# Try Another K

In our exploration of the curious subject of cluster analysis, in which the goal is to classify a set of data into subsets of similar data without having a rigorous mathematical definition of what that actually means, we have covered the $$k$$ means algorithm that implicitly defines a clustering as minimising the sum of squared distances of the members of the clusters from their means and have proposed that we might compare clusterings by the amount of the variance in the data that they account for, given by
$\frac{1}{2n^2}\sum_{i=1}^k \sum_{j_1 \in C_i} \sum_{j_2 \notin C_i} \left|x_{j_1} - x_{j_2}\right|^2$
where $$\sum$$ is the summation sign, $$C_i$$ is the $$i^\mathrm{th}$$ cluster and $$x_j$$ is the $$j^\mathrm{th}$$ data point, $$\in$$ means within, $$\notin$$ means not within and the vertical bars stand for the magnitude of the value they enclose, in this case equalling the distance between the data points in the subtraction.

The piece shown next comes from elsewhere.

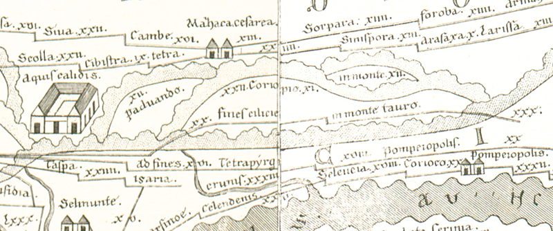 Offenbar ein Grenzort, wie er auf der TP und in Itinerarien häufig begegnet, in diesem Fall, wie ItMiller 692 inferiert, zwischen Lycaonia (das auf der TP nicht gekennzeichnet ist) und Cilicia (dessen roter Namenszug tatsächlich links darunter beginnt). |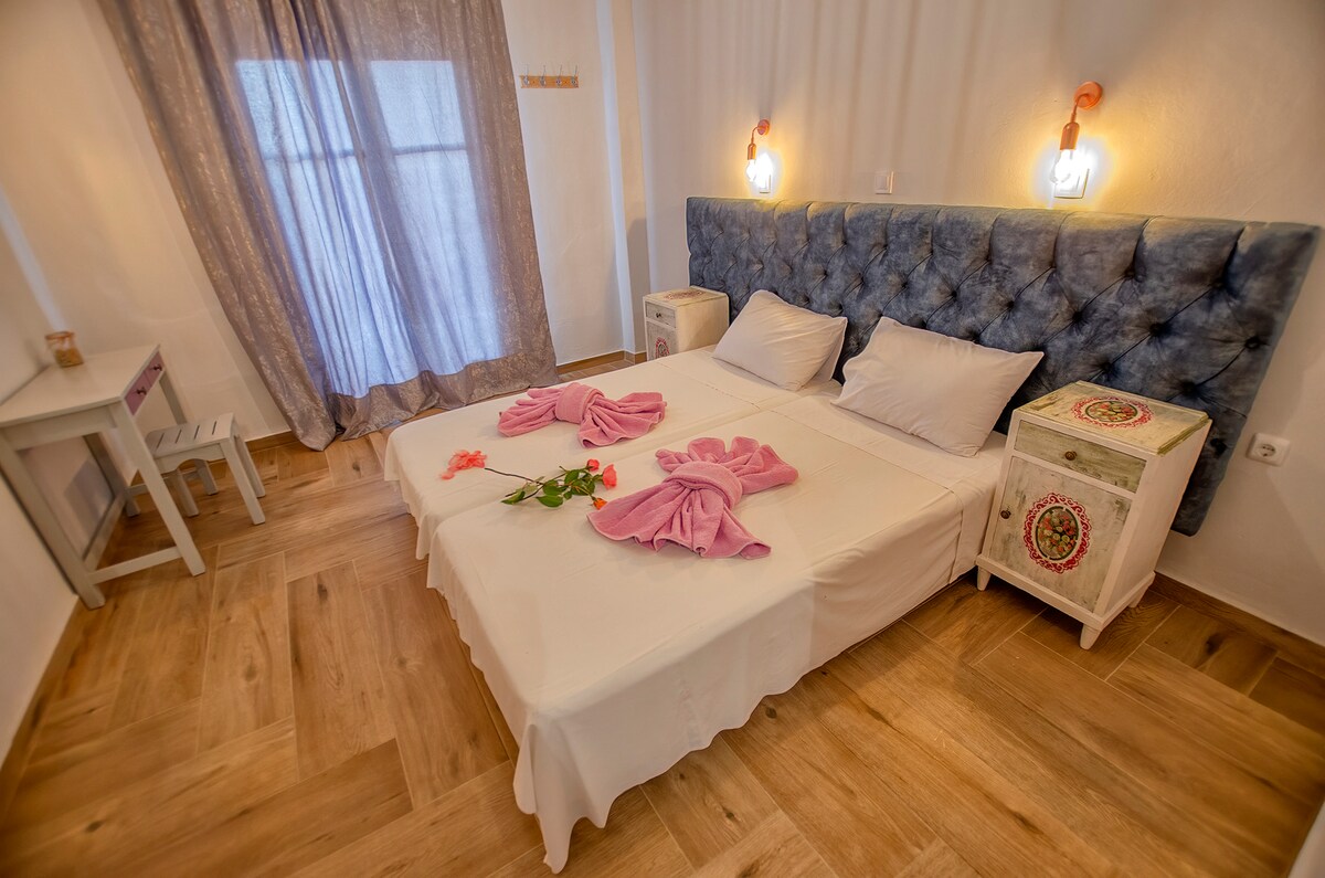 Enjoy easy access to popular shops and restaurants from this charming place to staWhen you close your eyes and imagine Greece, no doubt a picture of blue skies and azure seas comes to mind. You may imagine little villages with their cluster of houses and gardens and walls lined with potted geraniums. Well, the Sunflower Apartments is very like this picture. They are like a tiny typically Greek neighbourhood; fresh and light and connected with little courtyards.

Much as we might use principal component analysis to choose a subset of the axes that best account for the variance in a set of data to compress it onto fewer dimensions without losing too much information, we tried to identify optimal clusterings by considering how much of the variance they accounted for.
The simplest scheme was to predefine some fraction of the variance to be accounted for and choosing the first value of $$k$$ that met it. Unfortunately, it's rather difficult to decide what fraction of the variance is the right one, as demonstrated by program 1.

Program 1: The Right Fraction? To see the problem, first try running the program with different values of r until the $$k$$ means algorithm correctly identifies the five clusters. Then, by clicking on the canvas, add a new cluster that is somewhat closer to one of the originals than they are to each other, say the one in the top right hand corner. Finally, run the program a few more times.

Annoying, isn't it?

To avoid this problem we tried looking at how the rate at which the accounted for variance increased with $$k$$, the idea being that if increasing the value of $$k$$ resulted in a relatively small increase in that variance then we'd probably have already found a good clustering and should stop looking. Program 2 illustrates this idea by plotting how much more variance of program 1's data would be accounted for by increasing $$k$$ by one as a proportion of the total variance of that data.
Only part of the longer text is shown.